Task goal:
Please copy only the material from the line that has "Stay cool, stylish, and" to the very last line, both ends included, exactly as written and without pictures.

Recorded information:
○ ○ ○ ○ ○

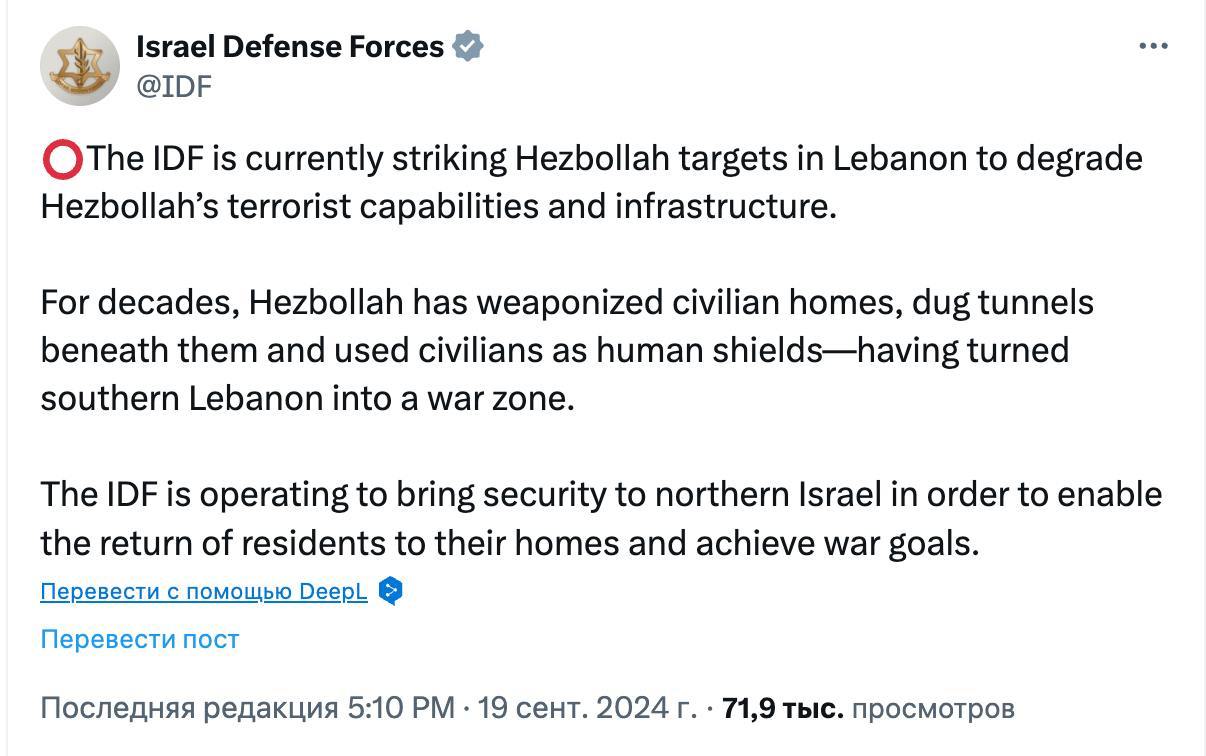 Сегодня, 19 сентября, Израиль начал массированный обстрел Ливана.
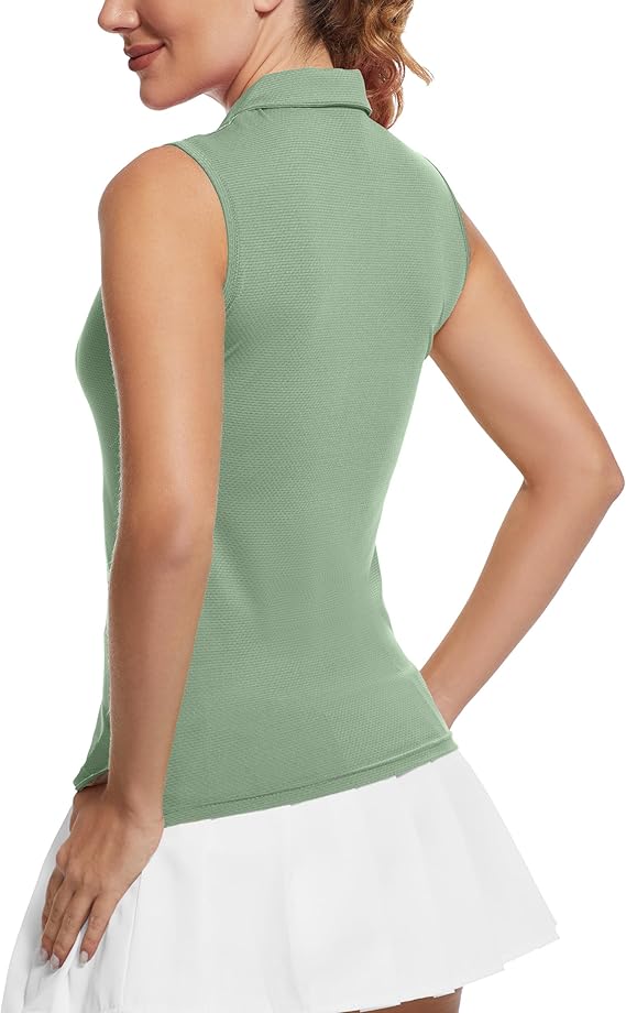 Stay cool, stylish, and protected in this women’s sleeveless V-neck golf polo, crafted from a soft, stretchy blend of 92% polyester and 8% spandex. Designed with a slim fit and elegant silhouette, the sleeveless cut and breathable fabric allow for maximum mobility and comfort during warm-weather activities.
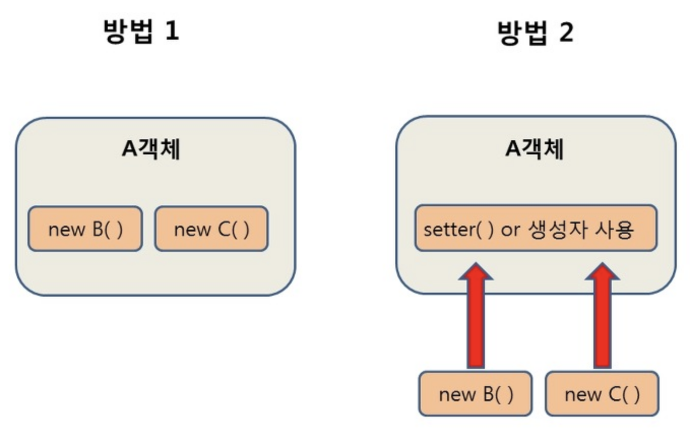첫번째 방법은 A객체가 B와 C 객체를 New 생성자를 통해서 직접 생성하는 방법이고, 두번째 방법은 외부에서 생성된 객체를 setter()를 통해 사용하는 방법입니다.
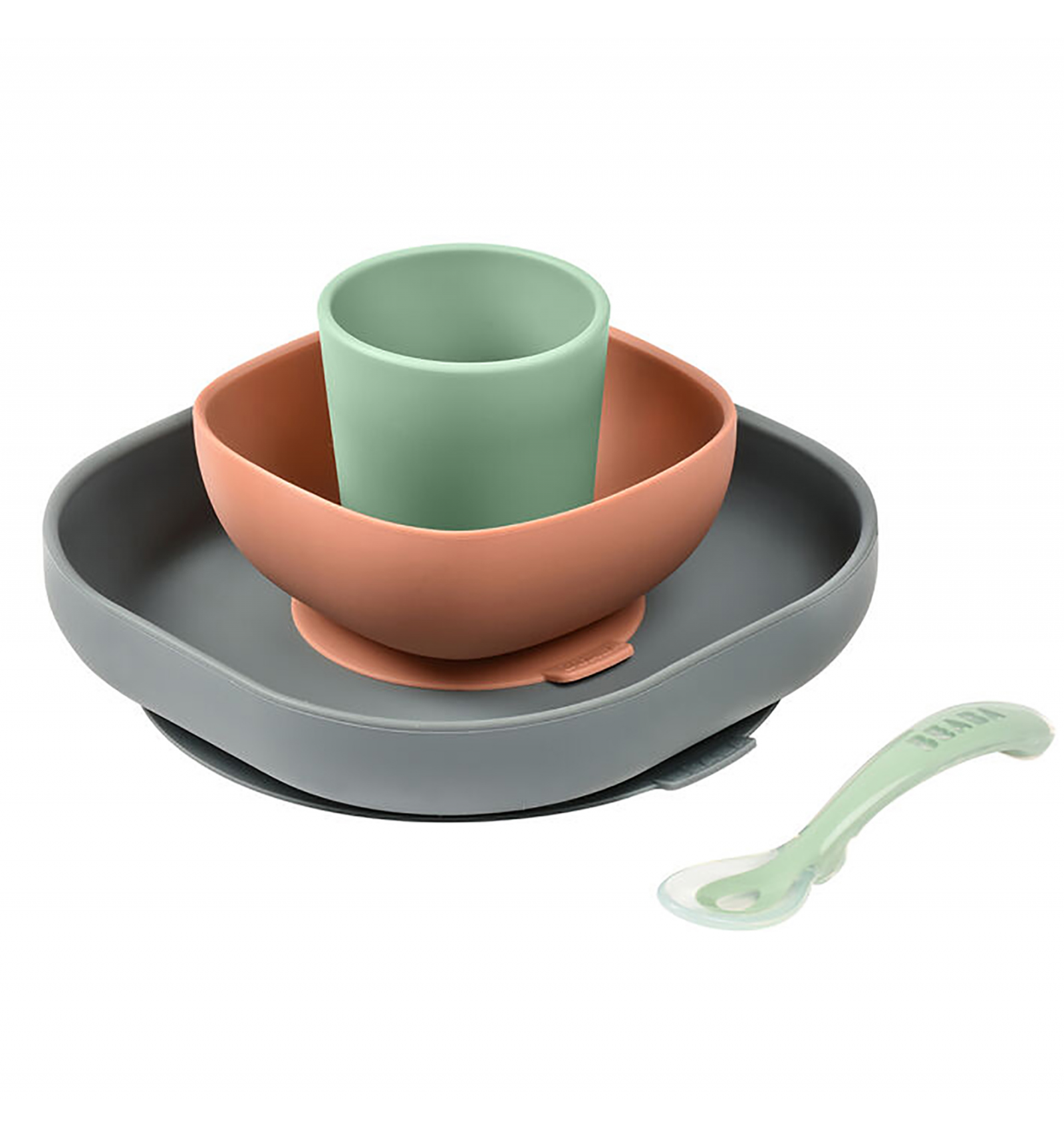 Deja que tus hijos coman solos sin peligro de que vuelen platos y se rompan con la vajilla de silicona con ventosa de Béaba que se adhiere a las superficies lisas, reduciendo incidentes y ruido durante las comidas.
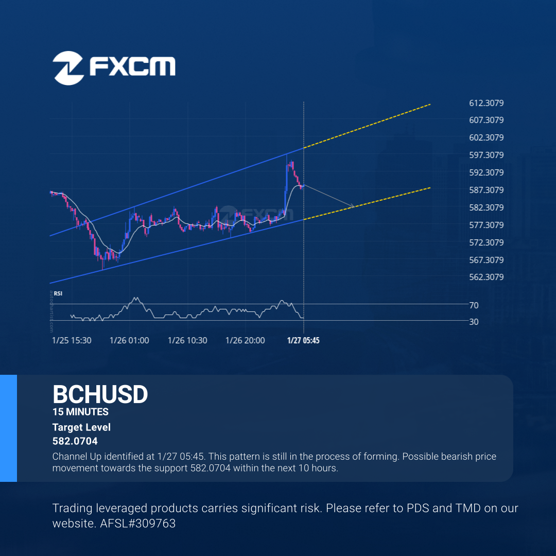 Channel Up identified at 1/27 05:45. This pattern is still in the process of forming. Possible bearish price movement towards the support 582.0704 within the next 10 hours.
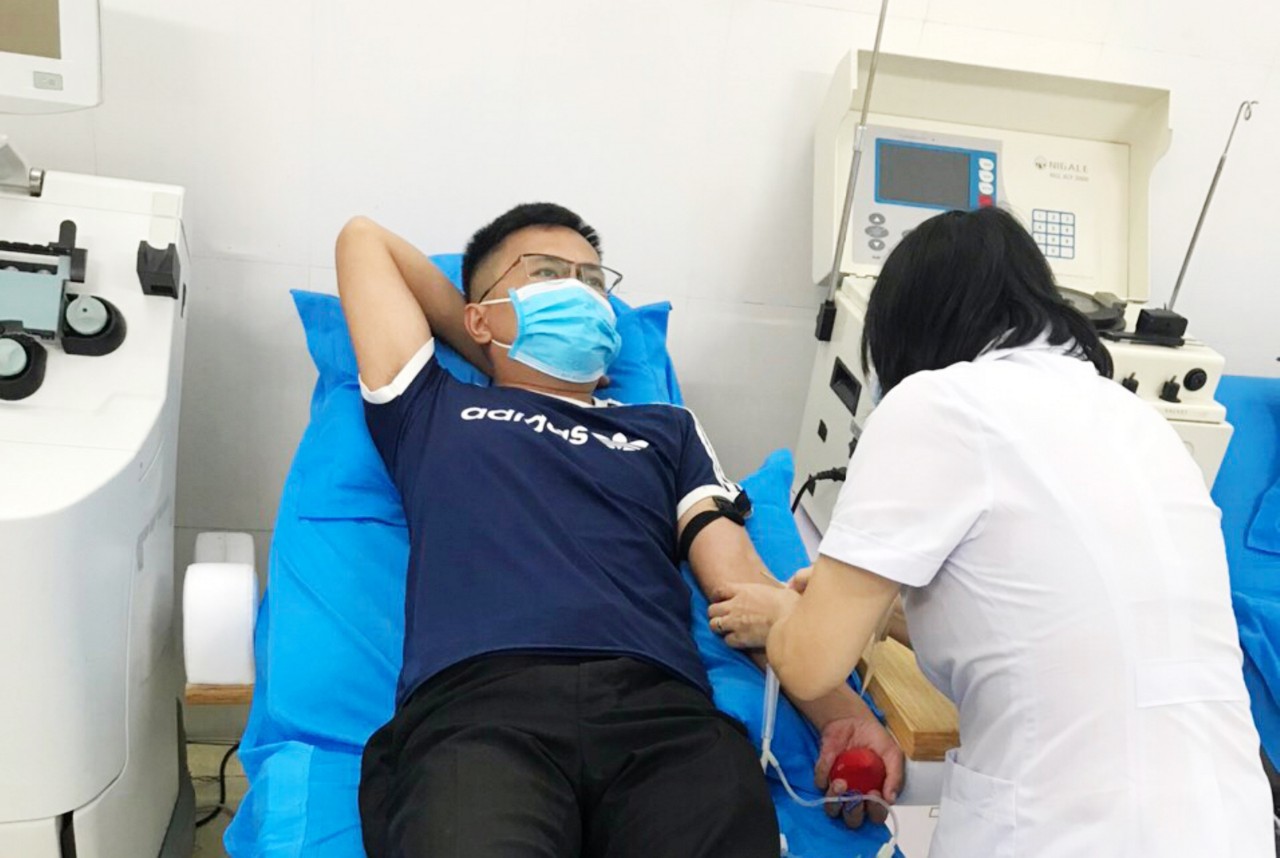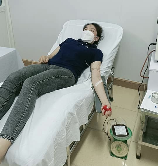 Chị Nguyễn Thị Thùy (huyện Nghi Xuân) hiến máu hiếm để cấp cứu cho một bệnh nhân tại BVĐK tỉnh Hà Tĩnh năm 2021.
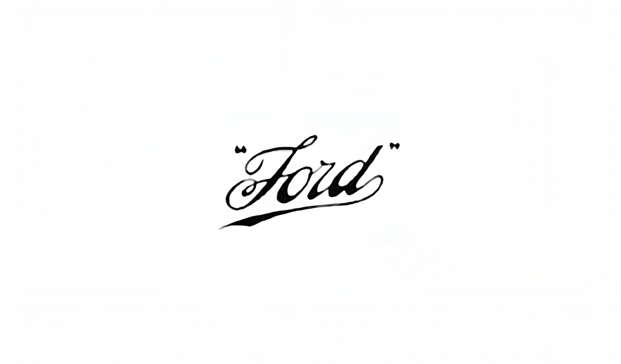 Изначально логотип Ford представлял собой узорчатую рамку с надписями внутри. В 1909 году знаком компании стала каллиграфически выведенная фамилия основателя. Эта надпись стала основой для вариаций логотипа, но была изменена и помещена в синюю рамку. Рамка несколько раз меняла форму, пока не стала такой, какая она есть сейчас.

○ ○ ○ ○ ○

The completed task:
 Stay cool, stylish, and protected in this women’s sleeveless V-neck golf polo, crafted from a soft, stretchy blend of 92% polyester and 8% spandex. Designed with a slim fit and elegant silhouette, the sleeveless cut and breathable fabric allow for maximum mobility and comfort during warm-weather activities.
첫번째 방법은 A객체가 B와 C 객체를 New 생성자를 통해서 직접 생성하는 방법이고, 두번째 방법은 외부에서 생성된 객체를 setter()를 통해 사용하는 방법입니다.
 Deja que tus hijos coman solos sin peligro de que vuelen platos y se rompan con la vajilla de silicona con ventosa de Béaba que se adhiere a las superficies lisas, reduciendo incidentes y ruido durante las comidas.
 Channel Up identified at 1/27 05:45. This pattern is still in the process of forming. Possible bearish price movement towards the support 582.0704 within the next 10 hours.
 Chị Nguyễn Thị Thùy (huyện Nghi Xuân) hiến máu hiếm để cấp cứu cho một bệnh nhân tại BVĐK tỉnh Hà Tĩnh năm 2021.
 Изначально логотип Ford представлял собой узорчатую рамку с надписями внутри. В 1909 году знаком компании стала каллиграфически выведенная фамилия основателя. Эта надпись стала основой для вариаций логотипа, но была изменена и помещена в синюю рамку. Рамка несколько раз меняла форму, пока не стала такой, какая она есть сейчас.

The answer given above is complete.